[Data for this exercise — start]

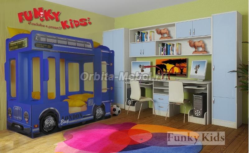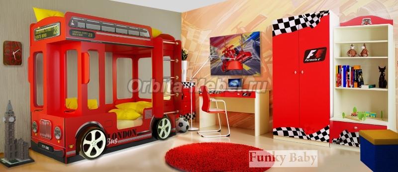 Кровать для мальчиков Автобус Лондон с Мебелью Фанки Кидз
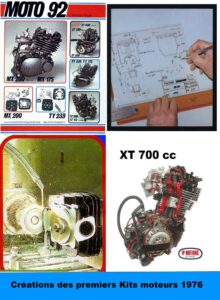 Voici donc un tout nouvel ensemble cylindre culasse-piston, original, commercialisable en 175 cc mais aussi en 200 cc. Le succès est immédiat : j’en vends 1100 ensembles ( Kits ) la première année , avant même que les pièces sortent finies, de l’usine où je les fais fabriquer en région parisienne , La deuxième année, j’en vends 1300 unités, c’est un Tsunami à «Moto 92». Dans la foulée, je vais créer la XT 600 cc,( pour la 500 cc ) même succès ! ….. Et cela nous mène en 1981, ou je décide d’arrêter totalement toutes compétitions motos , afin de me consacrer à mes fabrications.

[Data for this exercise — finish]
[Data for this exercise — start]

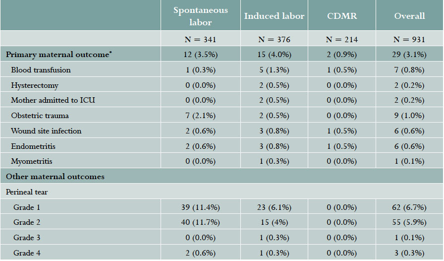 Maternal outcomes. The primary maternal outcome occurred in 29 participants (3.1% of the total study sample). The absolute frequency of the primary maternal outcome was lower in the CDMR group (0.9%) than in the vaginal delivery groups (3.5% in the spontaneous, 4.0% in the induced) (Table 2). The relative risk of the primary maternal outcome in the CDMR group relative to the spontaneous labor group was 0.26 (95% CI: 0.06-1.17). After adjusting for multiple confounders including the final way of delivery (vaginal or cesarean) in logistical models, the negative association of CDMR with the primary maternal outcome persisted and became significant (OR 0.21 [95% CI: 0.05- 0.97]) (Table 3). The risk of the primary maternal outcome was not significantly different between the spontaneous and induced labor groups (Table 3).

[Data for this exercise — finish]
[Data for this exercise — start]

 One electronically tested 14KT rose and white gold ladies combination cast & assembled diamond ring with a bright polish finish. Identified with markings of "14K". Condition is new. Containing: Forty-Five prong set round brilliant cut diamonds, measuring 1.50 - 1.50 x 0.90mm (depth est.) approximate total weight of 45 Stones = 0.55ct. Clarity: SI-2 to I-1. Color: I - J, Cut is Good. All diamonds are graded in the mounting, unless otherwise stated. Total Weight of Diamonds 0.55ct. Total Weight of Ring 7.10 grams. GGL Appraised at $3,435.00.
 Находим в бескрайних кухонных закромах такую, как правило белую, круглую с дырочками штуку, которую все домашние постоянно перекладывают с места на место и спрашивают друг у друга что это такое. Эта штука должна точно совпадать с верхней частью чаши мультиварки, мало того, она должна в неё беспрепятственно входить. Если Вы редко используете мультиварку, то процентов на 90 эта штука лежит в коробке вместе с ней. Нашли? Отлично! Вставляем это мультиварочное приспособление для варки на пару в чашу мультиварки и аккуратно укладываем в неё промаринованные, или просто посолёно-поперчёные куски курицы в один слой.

[Data for this exercise — finish]

Using the material above, transcribe exactly the lines from the one holding "Кровать для мальчиков" to the one holding "Voici donc un", both ends kept. Do not carry over any pictures.

### Written answer
 Кровать для мальчиков Автобус Лондон с Мебелью Фанки Кидз
 Voici donc un tout nouvel ensemble cylindre culasse-piston, original, commercialisable en 175 cc mais aussi en 200 cc. Le succès est immédiat : j’en vends 1100 ensembles ( Kits ) la première année , avant même que les pièces sortent finies, de l’usine où je les fais fabriquer en région parisienne , La deuxième année, j’en vends 1300 unités, c’est un Tsunami à «Moto 92». Dans la foulée, je vais créer la XT 600 cc,( pour la 500 cc ) même succès ! ….. Et cela nous mène en 1981, ou je décide d’arrêter totalement toutes compétitions motos , afin de me consacrer à mes fabrications.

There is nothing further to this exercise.